2. The method for identifying transgenic soybean oil according to claim 1, wherein the training of the influence model using the label information corresponding to each uv raman spectrum in the uv raman spectrum set X 'and the uv raman spectrum set X' to determine the loading matrix comprises:

dividing label information corresponding to each ultraviolet Raman spectrum in the ultraviolet Raman spectrum set X 'and the ultraviolet Raman spectrum set X' into a training set and a verification set according to a set proportion, training the influence model by using the training set to determine the load matrix, and verifying the influence model by using the verification set;

wherein training the impact model with the training set to determine the load matrix comprises:

determining a spectrum matrix E according to the ultraviolet Raman spectrum set X' in the training set₀Determining a label matrix F according to label information corresponding to each ultraviolet Raman spectrum in the ultraviolet Raman spectrum set X' in the training set₀；

Using said spectral matrix E₀And said label matrix F₀Determining a load matrix L₀。

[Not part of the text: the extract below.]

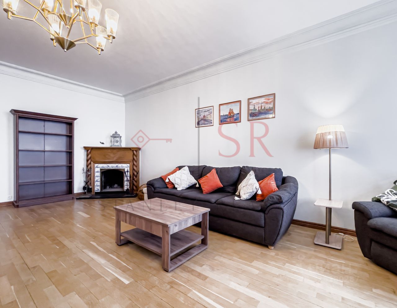 Планировка: гостиная с рабочим камином и видом на Петропавловскую крепость; кухня со всей необходимой техникой; спальня с ванной, из которой можно наблюдать за огнями ночного города; спальня с балконом, который выходит во двор; комната свободного назначения; два полноценных санузла, один с ванной, другой с душем; прихожая; несколько гардеробных и большое количество мест для хранения вещей.

3. The method of claim 2, wherein the spectral matrix E is used₀And said label matrix F₀Determining a load matrix L₀The method comprises the following steps:

t₁＝E₀w₁；

u₁＝F₀c₁；

Cov(t₁，u₁)→max；

||w₁||＝1，||c₁||＝1；

determining eigenvectors [ eta ] of covariance matrix₁，η₂，…η_m]And a characteristic value [ lambda ]₁，λ₂，…λ_m]；

4. The method of claim 3, wherein determining the intensity of the effect of each characteristic peak in the UV Raman spectrum using the loading matrix comprises:

using said load matrix L₀And the spectral matrix E₀Determining a Raman displacement-load coefficient curve;

and determining the influence intensity of each characteristic peak in the ultraviolet Raman spectrum according to the peak value and the trough value of the Raman shift-load coefficient curve.

5. The method of claim 2, wherein the set ratio is between (1-4) to 1.

6. The method of claim 1, wherein forming a set of uv-raman spectra X' from the uv-raman spectra of the plurality of soybean oil samples comprises:

collecting a plurality of soybean oil samples, and carrying out ultraviolet Raman spectrum detection on the plurality of soybean oil samples to obtain an ultraviolet Raman spectrum set X;

and sequentially carrying out polynomial fitting smoothing pretreatment, baseline correction and multivariate scattering correction on the ultraviolet Raman spectrum set X to obtain an ultraviolet Raman spectrum set X'.

7. The method of identifying a transgenic soybean oil according to claim 6,

and performing polynomial fitting smoothing pretreatment on the ultraviolet Raman spectrum set X by adopting a Savitzky-Golay convolution smoothing algorithm.

8. The method of claim 7, wherein the Savitzky-Golay convolution smoothing algorithm is fitted 3 times with a window width of 7.

9. The method for identifying transgenic soybean oil according to claim 6, wherein the ultraviolet Raman spectrum set X is subjected to baseline correction by using an iterative adaptive weighted penalty least square method.

10. The method of claim 1, wherein the transgenic soybean oil has a Raman shift of 1100cm^-1，1400cm^-1，1515cm^-1，1600cm^-1，1656cm^-1，2871cm^-1，2933cm^-1，2971cm^-1。